Exercise data:

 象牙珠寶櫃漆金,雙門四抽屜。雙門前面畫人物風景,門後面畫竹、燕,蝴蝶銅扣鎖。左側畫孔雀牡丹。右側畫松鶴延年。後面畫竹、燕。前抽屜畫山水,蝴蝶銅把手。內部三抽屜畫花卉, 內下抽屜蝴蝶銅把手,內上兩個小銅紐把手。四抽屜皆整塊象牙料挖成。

==

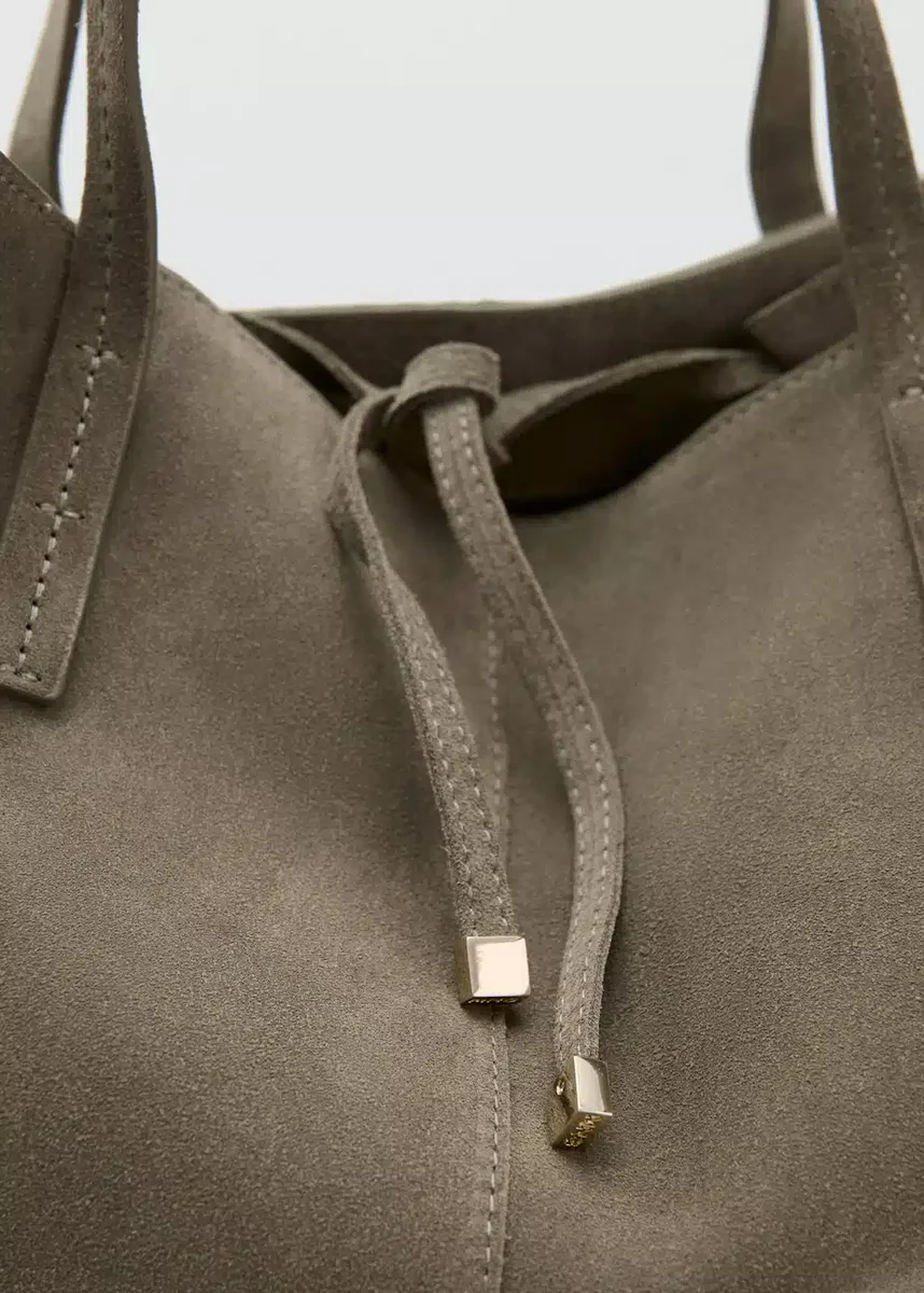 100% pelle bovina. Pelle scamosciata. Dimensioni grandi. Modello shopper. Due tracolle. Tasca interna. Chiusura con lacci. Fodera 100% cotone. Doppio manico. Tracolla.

* * *

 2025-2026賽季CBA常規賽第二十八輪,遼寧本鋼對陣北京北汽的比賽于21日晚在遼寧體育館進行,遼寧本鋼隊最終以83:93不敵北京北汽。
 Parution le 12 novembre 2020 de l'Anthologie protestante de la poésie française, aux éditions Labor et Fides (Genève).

Directions for this task: Please copy the lines above from the line with "2025-2026賽季CBA" up to and including the line with "Parution le 12", exactly as written and with nothing else.

Worked solution:
 2025-2026賽季CBA常規賽第二十八輪,遼寧本鋼對陣北京北汽的比賽于21日晚在遼寧體育館進行,遼寧本鋼隊最終以83:93不敵北京北汽。
 Parution le 12 novembre 2020 de l'Anthologie protestante de la poésie française, aux éditions Labor et Fides (Genève).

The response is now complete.